■ Your goal:
The answer is the exact run of lines in the listing below from the line containing "石材而成的轉(zhuǎn)角" up to and including the line containing "L'angolo giochi è", with pictures removed.

■ Data records:
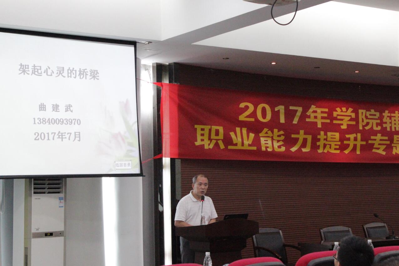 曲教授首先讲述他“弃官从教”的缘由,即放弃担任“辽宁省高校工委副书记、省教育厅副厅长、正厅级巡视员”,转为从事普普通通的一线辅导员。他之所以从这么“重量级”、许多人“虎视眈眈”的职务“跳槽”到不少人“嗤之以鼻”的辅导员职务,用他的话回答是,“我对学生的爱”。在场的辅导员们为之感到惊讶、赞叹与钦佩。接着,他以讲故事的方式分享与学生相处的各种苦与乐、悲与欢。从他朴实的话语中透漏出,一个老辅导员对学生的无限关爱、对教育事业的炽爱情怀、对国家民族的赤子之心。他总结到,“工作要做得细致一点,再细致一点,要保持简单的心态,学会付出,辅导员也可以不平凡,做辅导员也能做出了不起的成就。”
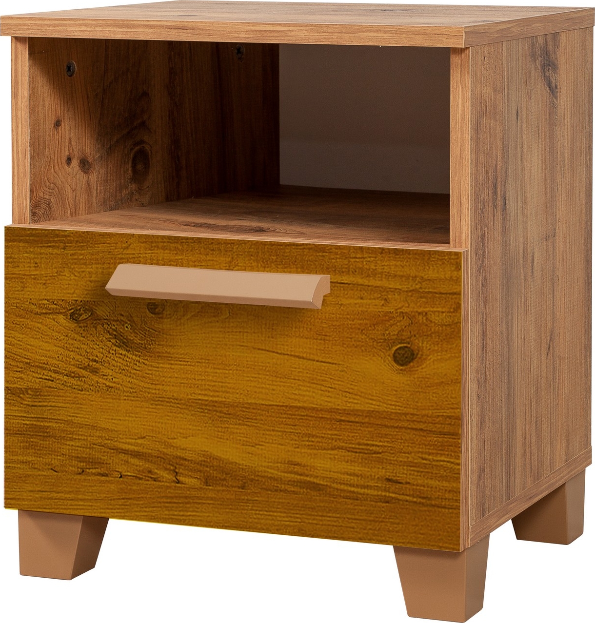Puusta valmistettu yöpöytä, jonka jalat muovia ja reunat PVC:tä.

==

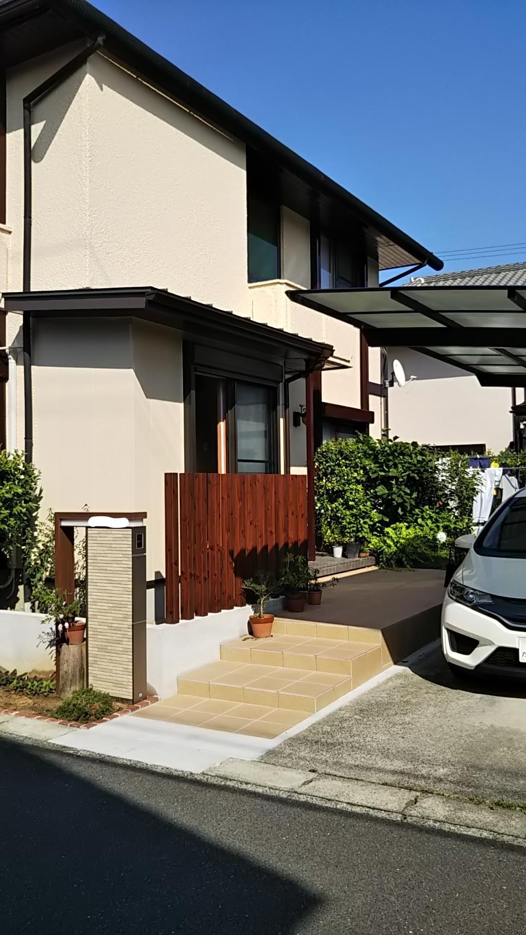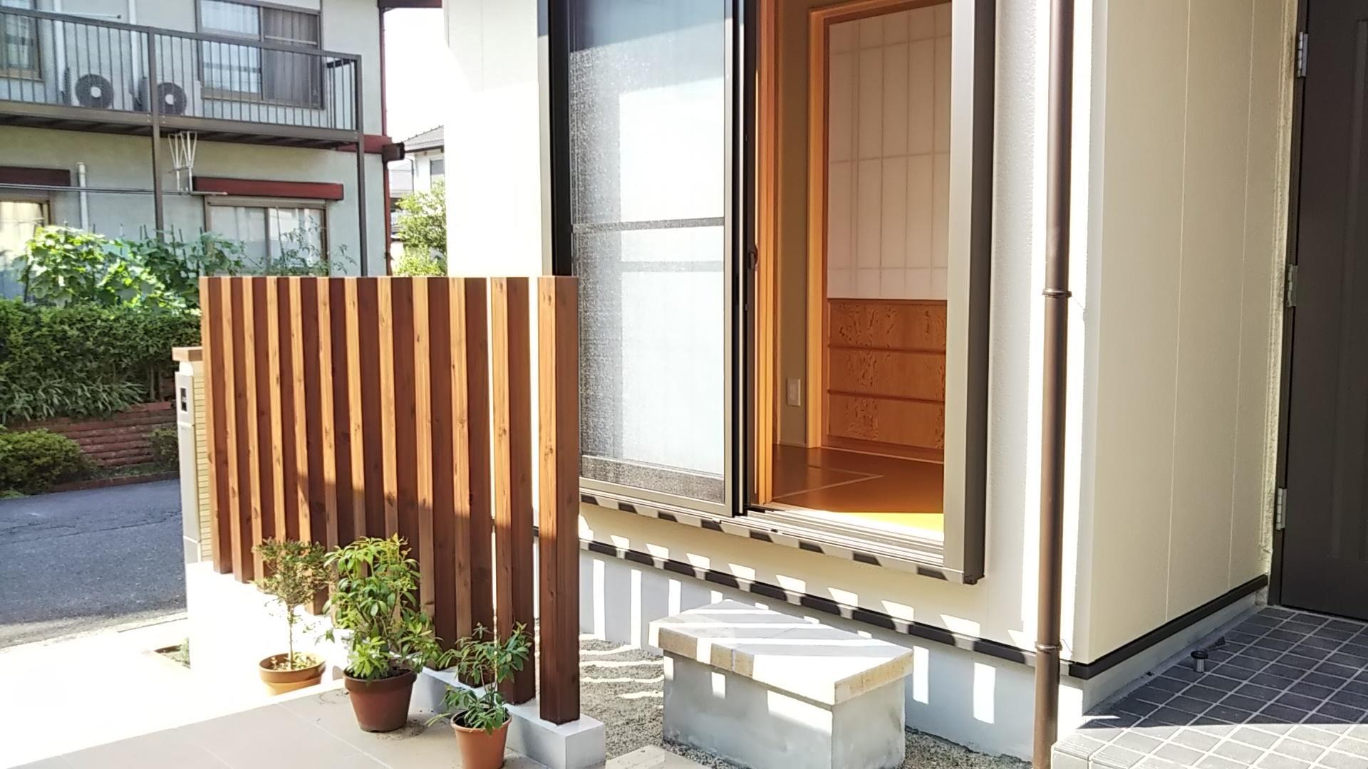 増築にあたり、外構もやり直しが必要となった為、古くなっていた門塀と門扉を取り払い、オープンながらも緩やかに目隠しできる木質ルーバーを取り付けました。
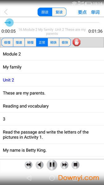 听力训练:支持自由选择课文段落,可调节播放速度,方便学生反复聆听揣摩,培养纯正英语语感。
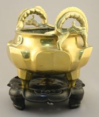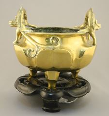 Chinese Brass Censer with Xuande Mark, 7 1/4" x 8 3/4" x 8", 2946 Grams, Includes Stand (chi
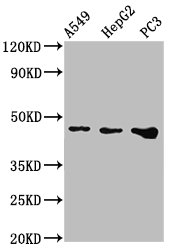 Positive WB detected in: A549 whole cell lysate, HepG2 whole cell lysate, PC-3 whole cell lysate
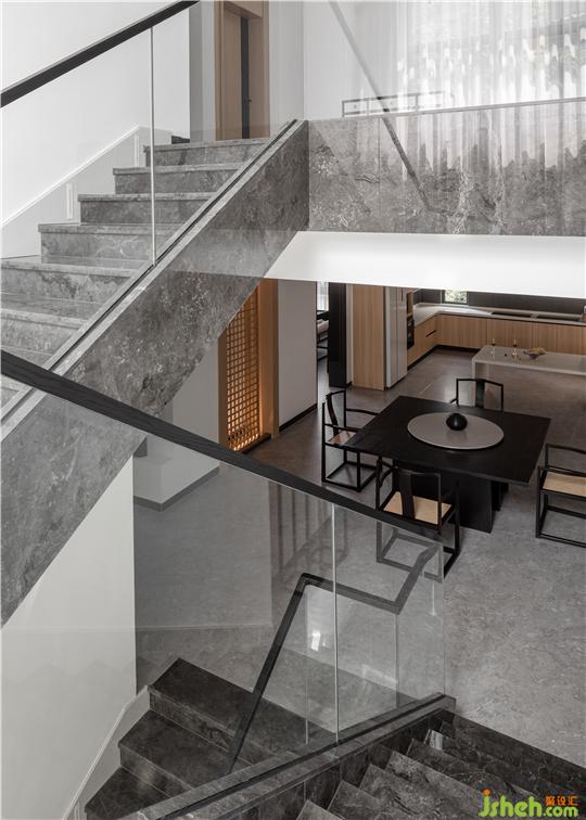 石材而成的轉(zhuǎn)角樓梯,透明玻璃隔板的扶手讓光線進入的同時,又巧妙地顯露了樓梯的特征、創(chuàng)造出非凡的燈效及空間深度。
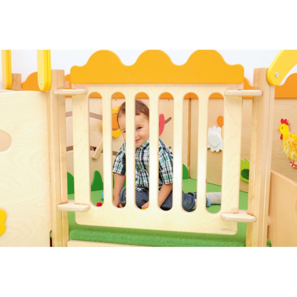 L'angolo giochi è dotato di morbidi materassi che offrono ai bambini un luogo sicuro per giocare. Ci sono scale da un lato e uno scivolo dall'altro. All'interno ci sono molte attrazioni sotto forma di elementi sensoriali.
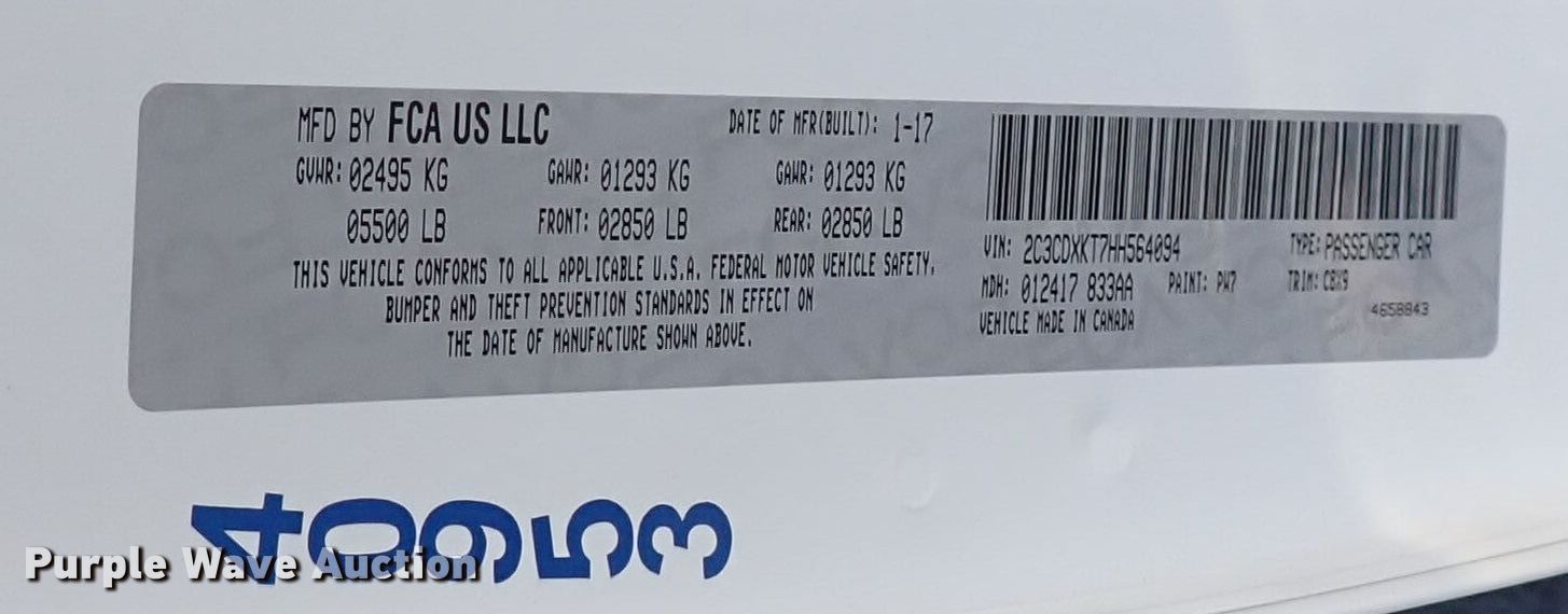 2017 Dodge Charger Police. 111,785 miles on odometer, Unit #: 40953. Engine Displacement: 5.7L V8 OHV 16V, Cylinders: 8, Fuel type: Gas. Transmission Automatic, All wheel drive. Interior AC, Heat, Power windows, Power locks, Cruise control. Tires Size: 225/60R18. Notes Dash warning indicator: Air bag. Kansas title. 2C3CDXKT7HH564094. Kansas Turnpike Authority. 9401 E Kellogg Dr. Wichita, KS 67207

==

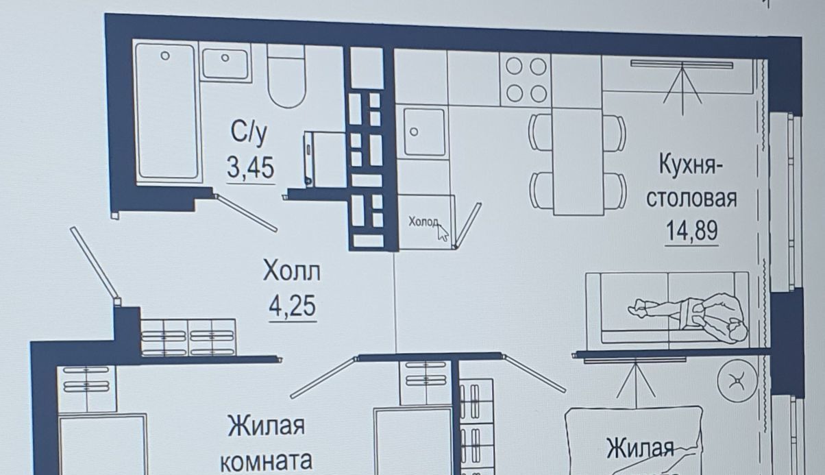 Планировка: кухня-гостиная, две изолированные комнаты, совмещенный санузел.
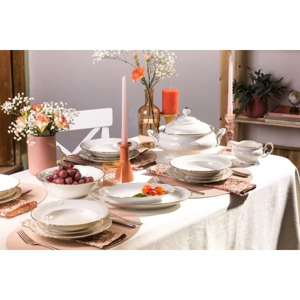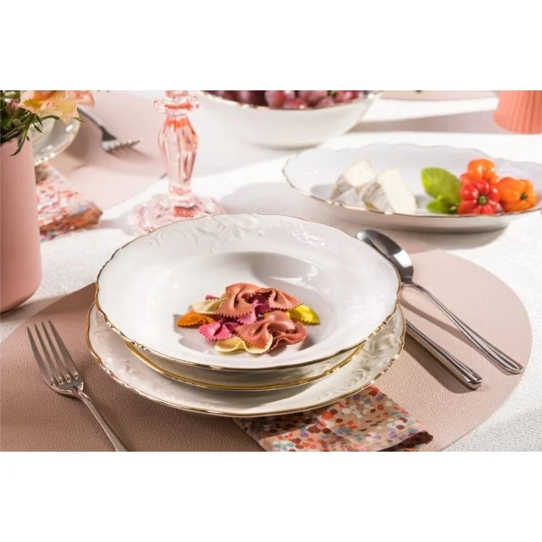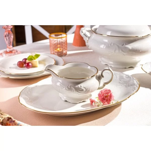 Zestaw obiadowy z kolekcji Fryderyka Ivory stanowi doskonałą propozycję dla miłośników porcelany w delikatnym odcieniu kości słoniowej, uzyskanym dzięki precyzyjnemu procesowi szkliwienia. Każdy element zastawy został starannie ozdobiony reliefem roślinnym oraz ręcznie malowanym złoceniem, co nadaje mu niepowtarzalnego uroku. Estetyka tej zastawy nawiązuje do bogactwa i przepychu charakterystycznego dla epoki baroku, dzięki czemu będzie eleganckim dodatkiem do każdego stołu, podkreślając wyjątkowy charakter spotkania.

■ Result:
 石材而成的轉(zhuǎn)角樓梯,透明玻璃隔板的扶手讓光線進入的同時,又巧妙地顯露了樓梯的特征、創(chuàng)造出非凡的燈效及空間深度。
 L'angolo giochi è dotato di morbidi materassi che offrono ai bambini un luogo sicuro per giocare. Ci sono scale da un lato e uno scivolo dall'altro. All'interno ci sono molte attrazioni sotto forma di elementi sensoriali.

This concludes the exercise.